As we have already mentioned, during the Political Reconstruction of the South(1865-1877), political steps were taken by the American Congress to legally protect and promote the civil rights of Afro-Americans, especially those of the new freedmen. The Civil Rights Act of 1866, was an effective and powerful political response to the ‘’racist’’ and ‘’discriminatory’’ legislations passed by the state governments of the South in 1865 and in 1866, undermining the social, political and economic status of their Afro-American citizens. These legislations were called ‘’Black Codes’’.
After 1866, Congress passed three more Civil Rights Acts, in 1870 and in 1871, which were intended to further protect the civil right of Afro-Americans to vote ,to hold political office, to be on juries, and to have government protection under the law.
The first Civil Rights Act in 1870, banned the use of terror, force or bribery to prevent citizens from voting, because of their particular race. It granted equal opportunity for every citizen to vote irrespective of race, while it also assigned the legal power to the President to use the army in order to enforce this Act.
The second Civil Rights Act of 1871, provided federal supervision of local and state elections.
The third Civil Rights Act of 1871, became known as the Ku Klux Klan Act, which made state officials liable in federal courts for depriving anyone of their civil rights or of equal protection under the law. This Act also went against the violence directed by ‘’white supremacist groups’’ of the South against the nearly freed populations of Afro-Americans. President Ulysses S. Grant(1869-1877) used the legal authority granted to him by this Act to dismantle the KKK, a paramilitary organization of White Supremacists, whose political agenda was the political subjugation and the social dismantling of Afro-Americans everywhere in the country, but especially in the South.
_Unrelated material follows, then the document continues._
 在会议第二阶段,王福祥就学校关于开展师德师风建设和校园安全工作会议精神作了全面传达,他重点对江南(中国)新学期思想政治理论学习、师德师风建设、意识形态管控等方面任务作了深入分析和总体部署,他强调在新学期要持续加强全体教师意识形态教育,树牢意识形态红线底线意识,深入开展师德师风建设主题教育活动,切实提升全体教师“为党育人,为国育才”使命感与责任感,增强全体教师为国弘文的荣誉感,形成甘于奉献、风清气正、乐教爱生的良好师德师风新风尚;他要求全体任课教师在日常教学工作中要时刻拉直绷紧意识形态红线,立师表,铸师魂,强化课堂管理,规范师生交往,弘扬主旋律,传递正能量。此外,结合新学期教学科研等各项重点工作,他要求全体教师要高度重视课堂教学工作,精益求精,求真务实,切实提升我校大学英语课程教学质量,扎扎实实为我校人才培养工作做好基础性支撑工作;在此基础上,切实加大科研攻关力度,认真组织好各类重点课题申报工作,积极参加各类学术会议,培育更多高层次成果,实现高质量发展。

After the end of the Political Reconstruction of the South in 1877,racial segregation laws were enacted by the legislatures of the American states in the South, eventually becoming the most powerful and the most effective of the ‘’Jim Crow’’ laws, especially in the South. Segregation ‘’Jim Crow’’ laws remained active from the end of Reconstruction in 1877 until 1965, when the Black Civil Rights Movement finally had an important impact on the policies of the American Central Government related to the social and economic plight of Afro-Americans throughout the United States.’’…The laws mandated racial segregation as policy in all public facilities in the southern states. The facilities were supposed to be ‘’separate but equal’’, but in effect were inferior, creating a situation of economic and social disadvantage. In 1913, President Woodrow Wilson extended segregation to the military and to federal workplaces…’’.(https://cung.edu)
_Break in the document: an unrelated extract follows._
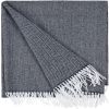 Классический рисунок «елочка» не слишком привлекает внимание, но в то же время добавляет изюминки. Смешанный состав пряжи продлевает срок службы и существенно облегчает уход за пледом.

The one legislation which attacked ‘’racial segregation’’ on a broad front was the Civil Rights Act of 1875. This Act made it a crime for an individual to deny Afro-Americans accommodations or services because of race or color.’’…The ‘full and equal enjoyment’ of any of the accommodations, advantages, facilities, and privileges of inns, public conveyances on land or water, theaters and other places of public amusement…’’.(https://www.ourdocuments.gov)
This wide range of anti-discriminatory legislation which combatted the ‘’societal segregation’’ of Afro-Americans was once again made void by the Highest Court of the Land, when in 1883, the American Supreme Court annulled its legal status, ruling that the 14th Amendment did not give Congress the authority to combat or prevent racial discrimination by private individuals. But there was a ‘’dirty legal catch’’ to their decision as it related to the legal protection of the victims of racial discrimination.
The ‘’underhanded formula’’ of the Supreme Court’s decision towards the victims of discrimination was that these victims were instructed to seek justice not from the Federal Government, but from state governments. It was widely then known that the governments of the states had began a ‘’one track’’ legislative course of passing laws and constitutional acts, which legalized and institutionalized the ‘’social inequalities’’ between the races. They began with the legislations requiring the establishment of separate schools for children of each race, soon extending ‘’racial segregation’’ to include most public and semi-public facilities.(https://www.ourdocuments.gov)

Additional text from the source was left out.